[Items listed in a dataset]
________________________________________
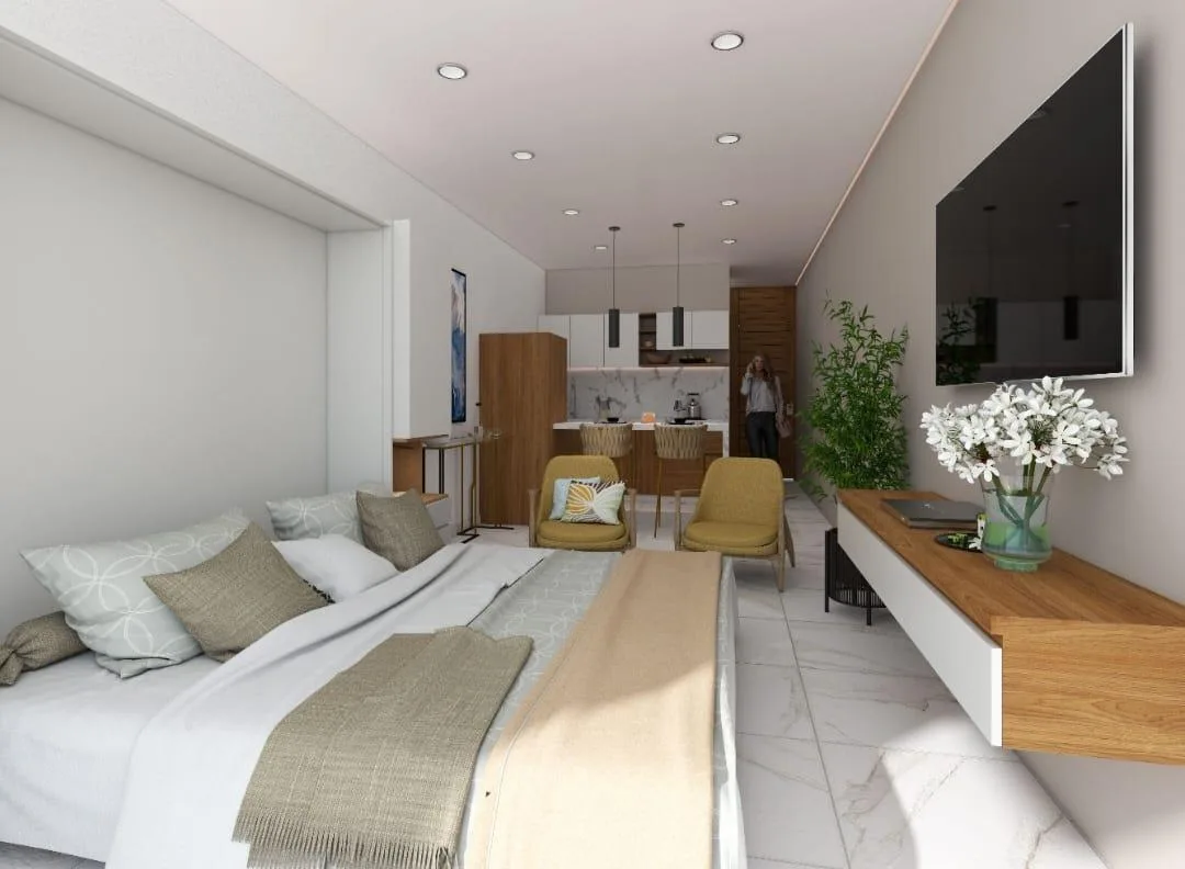 This fully equipped studio is located in the center of Playa del Carmen and includes a parking space.
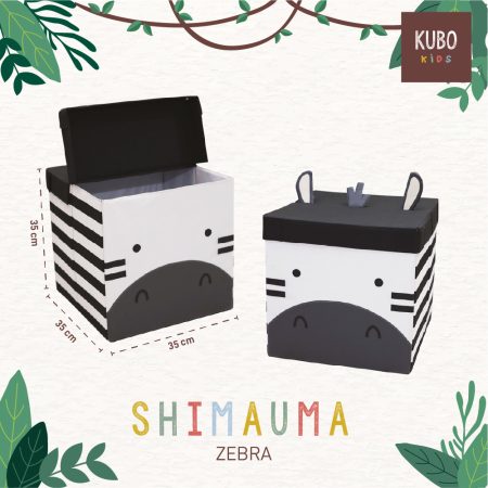 KUBO KIDS Kotak Penyimpanan Mainan Anak Ukuran 35x35x35 cm – Jungle Series Karakter Shimauma/Zebra
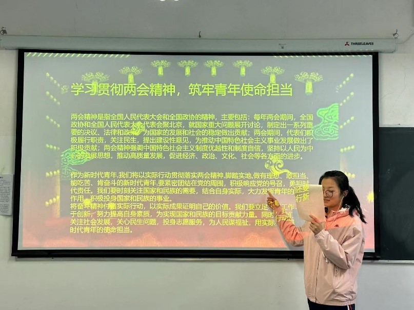 各团支部结合自身实际情况,通过学习交流会、新闻阅读、思政座谈会、参观学习实践等创新形式学思悟践党的二十大精神内涵,坚持用党的创新理论凝心铸魂,引导团员青年成为习近平新时代中国特色社会主义思想的坚定信仰者和忠实实践者。本次主题团日活动中,冶金工程专业2023级1班团支部、储能科学与工程2023级1班团支部等团支部组织集中学习两会精神,引导广大团员青年踔厉奋发、挺膺担当;能源与动力工程专业2021级绿色能源创新班团支部等团支部聚焦两会,为学生普及两会知识,培养学生爱国意识,坚定报效祖国的远大志向。
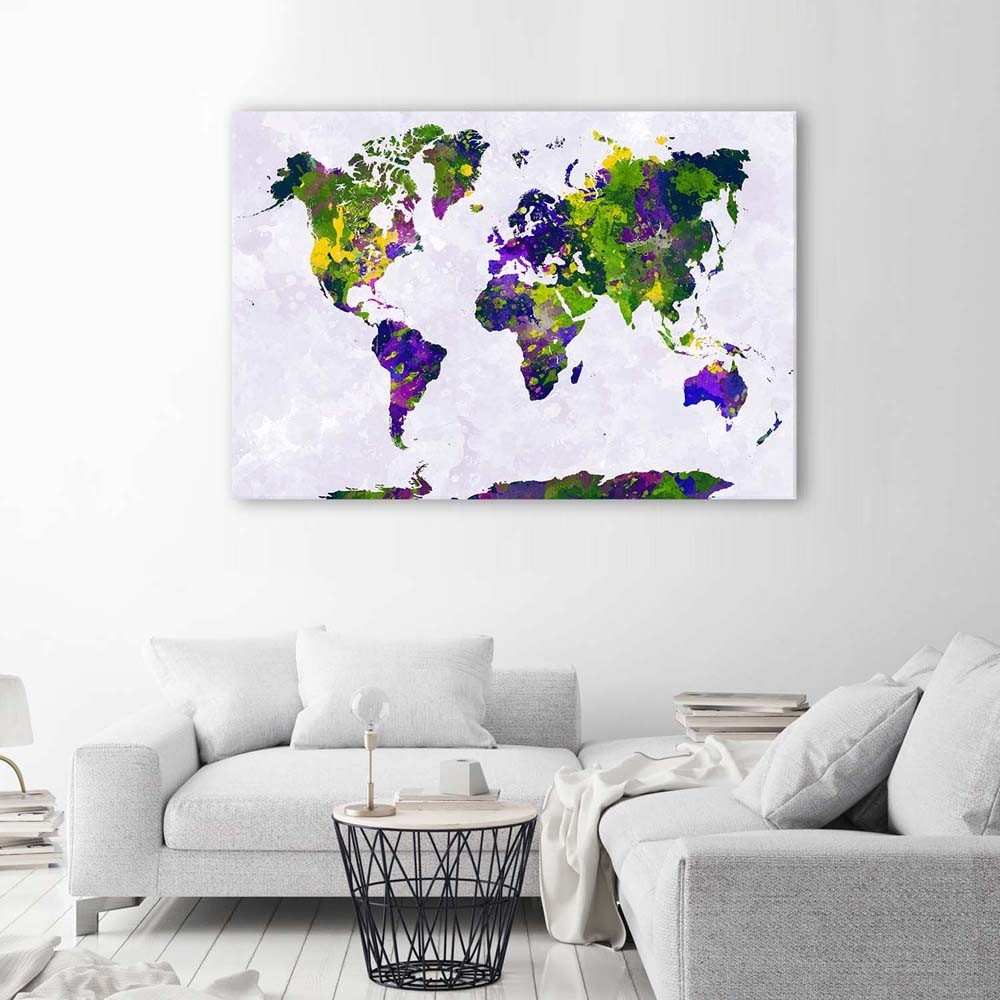 Leinwandbild, Gemalte Weltkarte
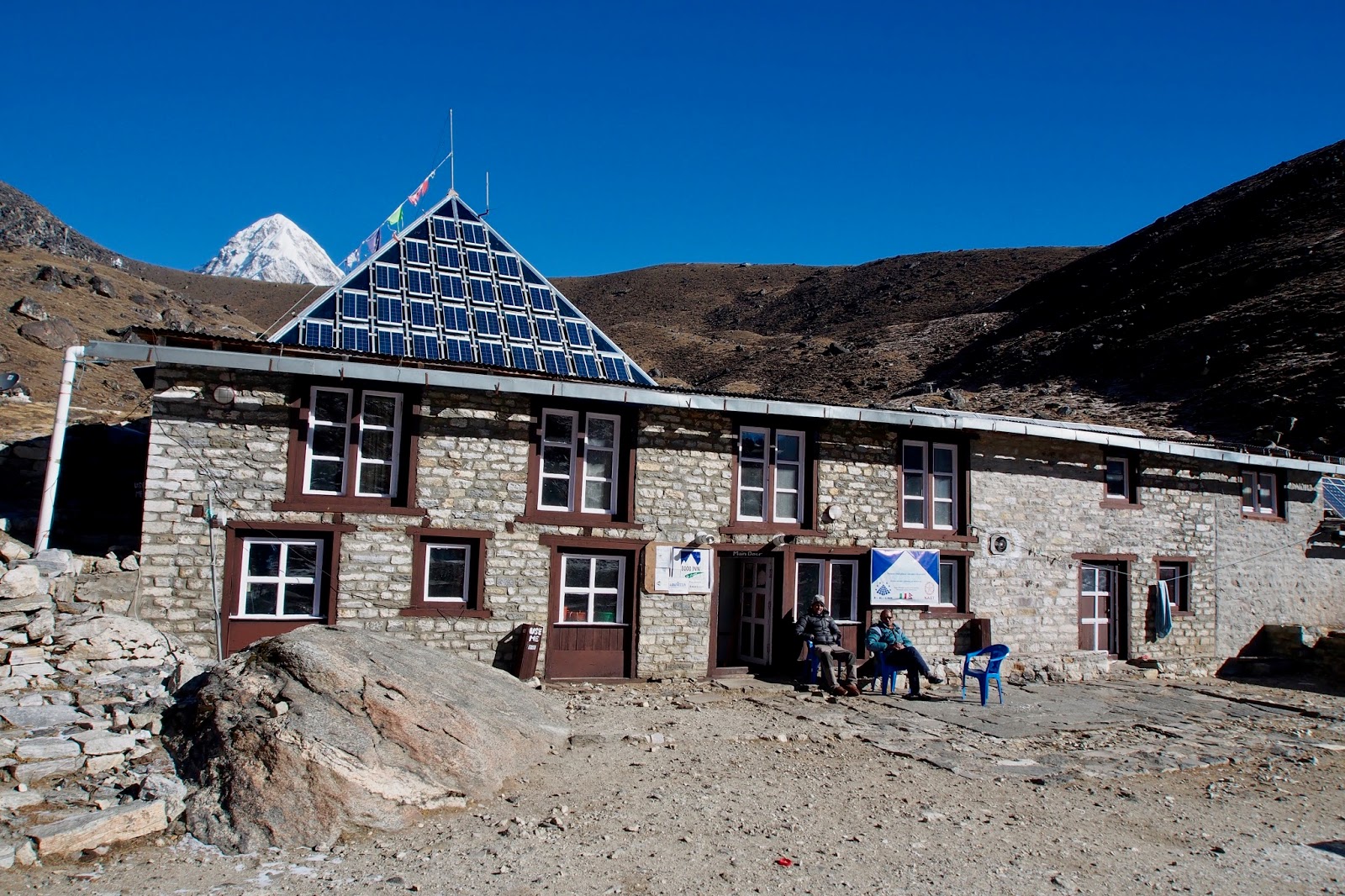 Fakt se mi ta Pyramida líbila, vypadá to spíš jak horská chata v Alpách než místní guest house. Rozvody elektřiny i topení. Ovšem to vytápění nějak nefunguje – pouze jedno topení v jídelně a jedno v koupelně, ale jen když je hezky a jen slabo. Je to škoda. Chtělo by to, aby tu někdo postavil pořádnou moderní horskou chatu.
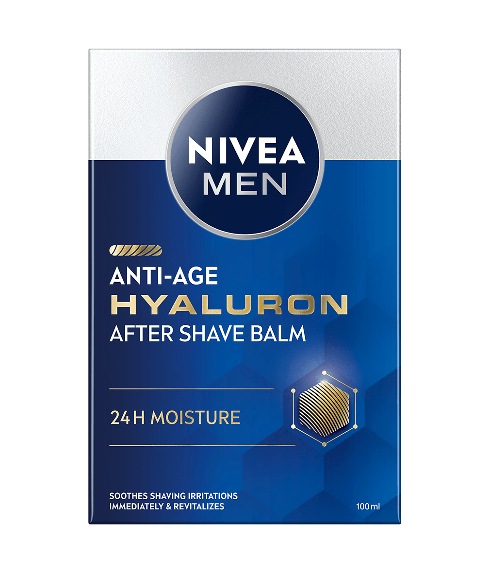 Říká se, že muži zrají jako víno. Ale proč tomu zrání a pleti v boji proti stárnutí trochu nepomoci, že? Kyselina hyaluronová není sprosté slovo, které se týká jen žen a jejich kosmetiky. Je to účinná látka, která je zcela přirozená a tělu vlastní, udržuje pleť hydratovanou a vyhlazuje vrásky zevnitř. A právě kyselinu hyaluronovou najdete v našem balzámu po holení, který kromě toho, že zbavuje pleť prvních známek stárnutí, pleť po holení zklidňuje, regeneruje a zanechává ji příjemně svěží. Sáhněte po tomto elixíru mládí: NIVEA MEN Balzám po holení Hyaluron.
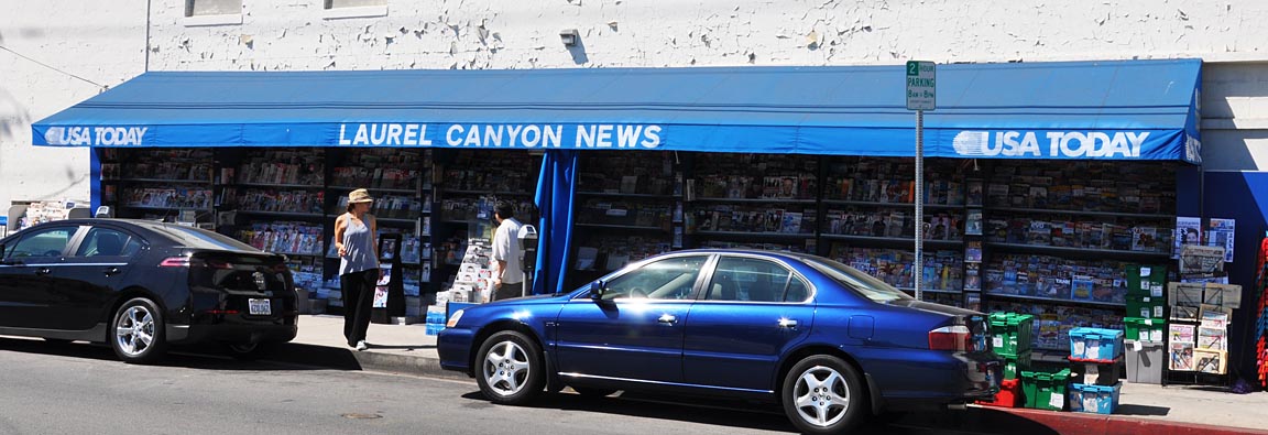 Before I moved to NYC, this is what I thought newsstands were. But now back in California, these seem so wild. In NYC, they are little six foot by four foot booths crammed with soda, cigs, candy, condoms, aspirin, stamps, and probably kiddie porn if you ask for it. There used to be so many more of these things in Hollywood. I guess that high glitz tourist junk is driving them out with higher rents and “beautification”. Unless I’ve just been missing them.
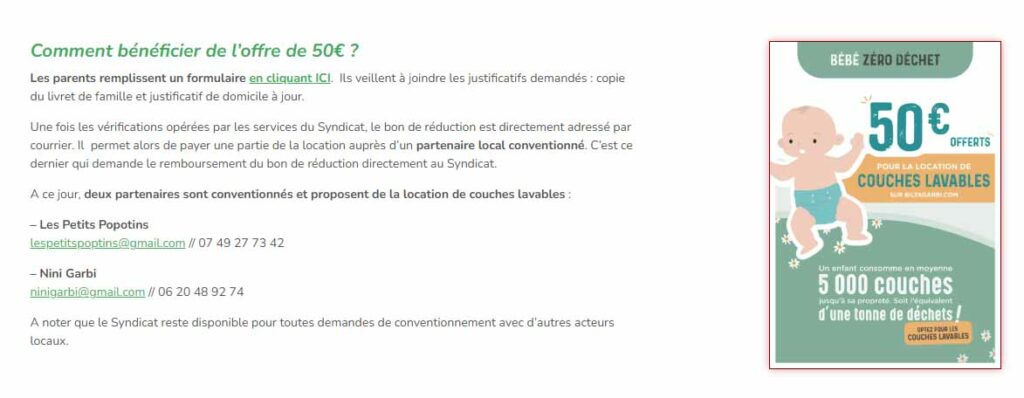Pour vous aider à franchir le pas sans vous ruiner, une aide financière de 50 € est offerte pour la location de couches lavables. C’est l’occasion idéale de tester ce mode de change durable avant d’investir.
________________________________________
§ Your task
Send back the data above word for word, with the pictures left out.

§ Response area
 This fully equipped studio is located in the center of Playa del Carmen and includes a parking space.
 KUBO KIDS Kotak Penyimpanan Mainan Anak Ukuran 35x35x35 cm – Jungle Series Karakter Shimauma/Zebra
 各团支部结合自身实际情况,通过学习交流会、新闻阅读、思政座谈会、参观学习实践等创新形式学思悟践党的二十大精神内涵,坚持用党的创新理论凝心铸魂,引导团员青年成为习近平新时代中国特色社会主义思想的坚定信仰者和忠实实践者。本次主题团日活动中,冶金工程专业2023级1班团支部、储能科学与工程2023级1班团支部等团支部组织集中学习两会精神,引导广大团员青年踔厉奋发、挺膺担当;能源与动力工程专业2021级绿色能源创新班团支部等团支部聚焦两会,为学生普及两会知识,培养学生爱国意识,坚定报效祖国的远大志向。
 Leinwandbild, Gemalte Weltkarte
 Fakt se mi ta Pyramida líbila, vypadá to spíš jak horská chata v Alpách než místní guest house. Rozvody elektřiny i topení. Ovšem to vytápění nějak nefunguje – pouze jedno topení v jídelně a jedno v koupelně, ale jen když je hezky a jen slabo. Je to škoda. Chtělo by to, aby tu někdo postavil pořádnou moderní horskou chatu.
 Říká se, že muži zrají jako víno. Ale proč tomu zrání a pleti v boji proti stárnutí trochu nepomoci, že? Kyselina hyaluronová není sprosté slovo, které se týká jen žen a jejich kosmetiky. Je to účinná látka, která je zcela přirozená a tělu vlastní, udržuje pleť hydratovanou a vyhlazuje vrásky zevnitř. A právě kyselinu hyaluronovou najdete v našem balzámu po holení, který kromě toho, že zbavuje pleť prvních známek stárnutí, pleť po holení zklidňuje, regeneruje a zanechává ji příjemně svěží. Sáhněte po tomto elixíru mládí: NIVEA MEN Balzám po holení Hyaluron.
 Before I moved to NYC, this is what I thought newsstands were. But now back in California, these seem so wild. In NYC, they are little six foot by four foot booths crammed with soda, cigs, candy, condoms, aspirin, stamps, and probably kiddie porn if you ask for it. There used to be so many more of these things in Hollywood. I guess that high glitz tourist junk is driving them out with higher rents and “beautification”. Unless I’ve just been missing them.
Pour vous aider à franchir le pas sans vous ruiner, une aide financière de 50 € est offerte pour la location de couches lavables. C’est l’occasion idéale de tester ce mode de change durable avant d’investir.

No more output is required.